**WHAT IS REQUIRED:** A partial copy is required: transcribe exactly the lines from the one containing "CX116 - Duplex" through the last line below, without any pictures.
---- DATASET EXTRACT
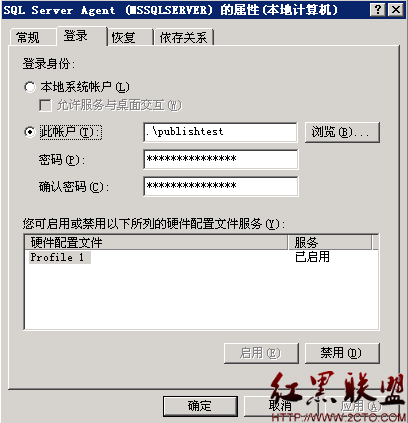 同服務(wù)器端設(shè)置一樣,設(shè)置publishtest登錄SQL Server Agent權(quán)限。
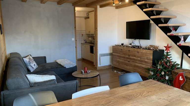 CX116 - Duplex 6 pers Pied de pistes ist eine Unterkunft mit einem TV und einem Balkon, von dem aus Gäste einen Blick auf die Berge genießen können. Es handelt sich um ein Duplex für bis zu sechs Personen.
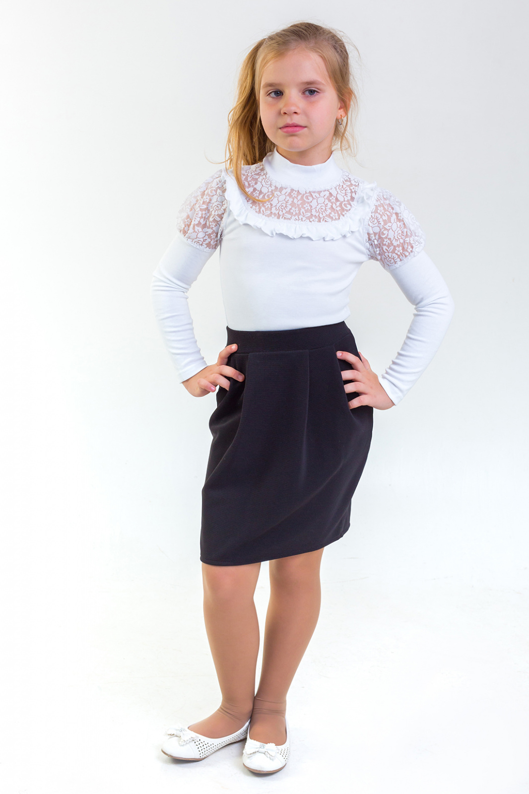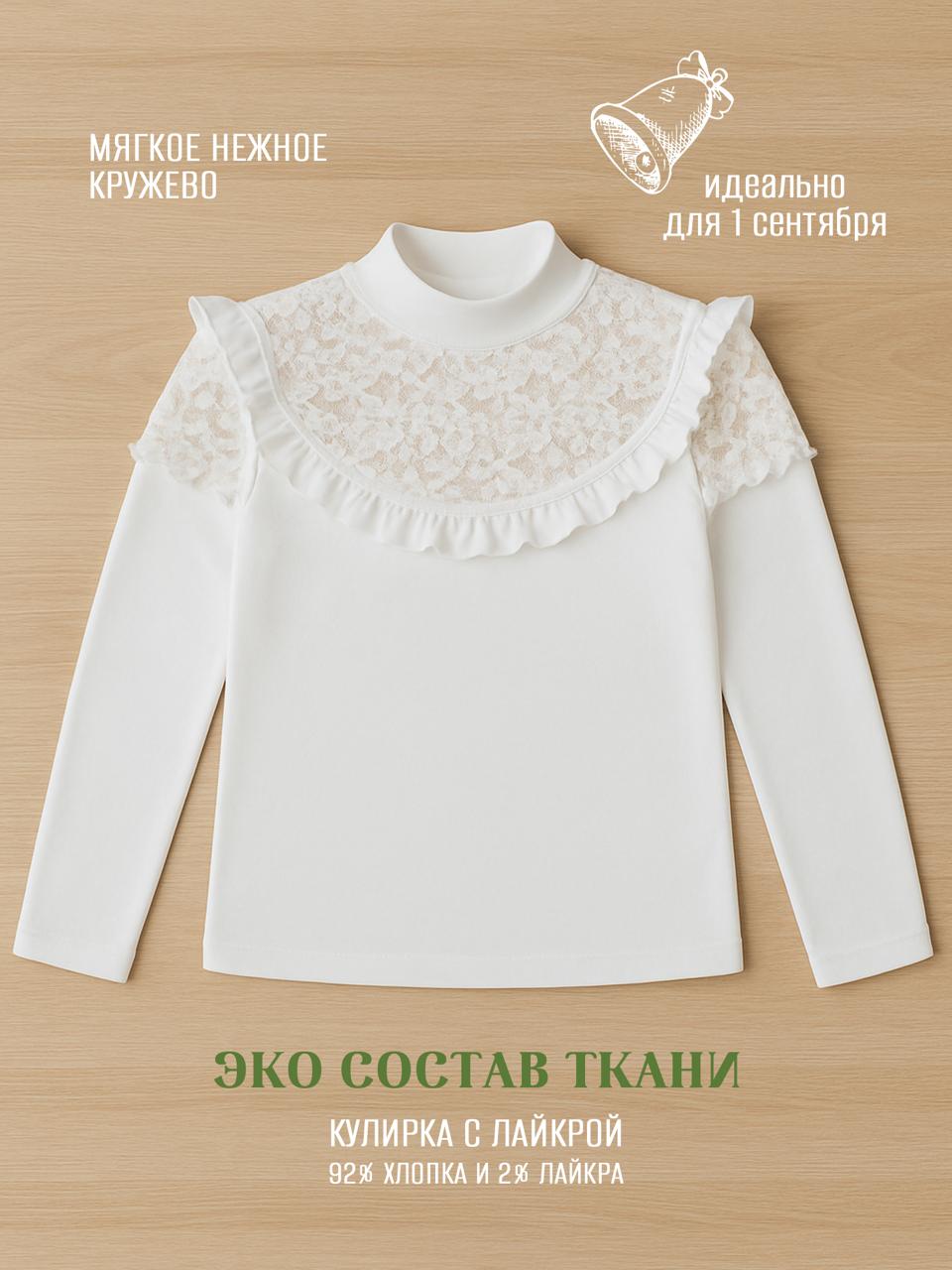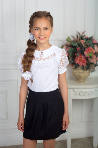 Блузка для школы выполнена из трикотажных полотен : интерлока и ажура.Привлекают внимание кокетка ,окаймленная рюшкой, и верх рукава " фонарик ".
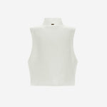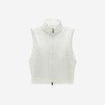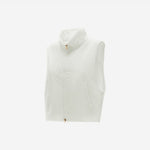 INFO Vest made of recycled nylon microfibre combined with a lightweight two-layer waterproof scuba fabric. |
--------
**REPLY:**
 CX116 - Duplex 6 pers Pied de pistes ist eine Unterkunft mit einem TV und einem Balkon, von dem aus Gäste einen Blick auf die Berge genießen können. Es handelt sich um ein Duplex für bis zu sechs Personen.
 Блузка для школы выполнена из трикотажных полотен : интерлока и ажура.Привлекают внимание кокетка ,окаймленная рюшкой, и верх рукава " фонарик ".
 INFO Vest made of recycled nylon microfibre combined with a lightweight two-layer waterproof scuba fabric. |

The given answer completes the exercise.